Working With Resources
Hashicorp Configuration Language (HCL)
- primitive, human-friendly syntax
- has basic obj constructs (bool, int, string, array, hash object)
π π π π π π π π π π π
π you're basically writing JSON π
πππ ππ π ππ π π π π
resource "aws_vpc" "workshop_vpc" {
cidr_block = "10.0.241.0/24"
tags {
source = "Terraform Knowledge Share"
}
}
resource "aws_subnet" "public_subnet_1" {
vpc_id = "${aws_vpc.workshop_vpc.id}"
availability_zone = "us-east-1a"
cidr_block = "10.0.241.0/26"
tags {
source = "Terraform Knowledge Share"
}
}Terraform < 0.12
-
no for loops;
-
limited if/else support
-
limited type support (relies on strings, auto-type conversions);
ami_id = "${var.ami_id}"instead ofami_id = var.ami_id
Also: no debugging support (not even printf)

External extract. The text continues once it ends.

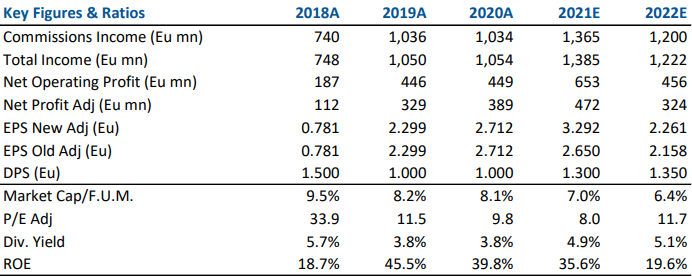 Azimut ha fornito un’indicazione di utile 2021 a 600/605 mln ben superiore alle nostre attese e a quelle di consensus di 500 mln. L’andamento degli utili 2021 beneficia del buon andamento delle performance dei prodotti gestiti da Azimut che hanno avuto una performance netta media del 6.5% lo scorso anno. Azimut ha inoltre indicato flussi netti nel mese di dicembre per 1.4 mld con gestito in crescita per 786 mln. Azimut continuerà a puntare sulla crescita nei prodotti alternativi (masse raddoppiate nel 2021 a 4.6 mld) e su piattaforme fintech innovative. Indicato un contributo Ebitda dal segmento internazionale di 70 mln nel 2021. Infine, Azimut ha indicato di avere presentato una proposta di cambiamento delle commissioni alle autorità lussemburghesi sui fondi UCITS (AuM per ~24 mld) che prevedono un aumento delle commissioni ricorrenti rispetto alle commissioni variabili in linea con le guidelines ESMA con meccanismi di restituzione di una parte delle commissioni in caso di performance inferiori al benchmark, maggiori dettagli su queste modifiche verranno comunicate nei prossimi mesi.

Modification; Variables; Outputs
# Previously-made resources
#
data "aws_vpc" "workshop_vpc" {
tags {
source = "Terraform Knowledge Share"
}
}
data "aws_subnet" "public_subnet_1" {
vpc_id = "${data.aws_vpc.workshop_vpc.id}"
}
variable "ami_id" {
description = "Launch with this AMI id."
type = "string"
default = "ami-6871a115"
}
resource "aws_instance" "bastion" {
ami = "${var.ami_id}"
subnet_id = "${data.aws_subnet.public_subnet_1.id}"
associate_public_ip_address = true
key_name = "kevin-tf-knowledge-share-test"
instance_type = "t2.micro"
tags = {
source = "Terraform Knowledge Share"
}
}
output "really_important_subnet" {
description = "subnet you should use everywhere"
value = "${data.aws_subnet.public_subnet_1.vpc_id}"
}
output "really_important_key_name" {
description = "the extremely secure key that you should have"
value = "${aws_instance.bastion.key_name}"
}
# note for kevin don't look
# ami-e3063199
# terraform-docs md . > README.mdModules
module "chapter_4e_aws_instance" {
ami_id = "ami-e3063199"
}
resource "aws_instance" "bastion" {
ami_id = "ami-e3063199"
associate_public_ip_address = true
instance_type = "t2.micro"
tags {
source = "Terraform Knowledge Share"
}
subnet_id = "${module.chapter_4e_aws_instance.really_important_subnet_id}"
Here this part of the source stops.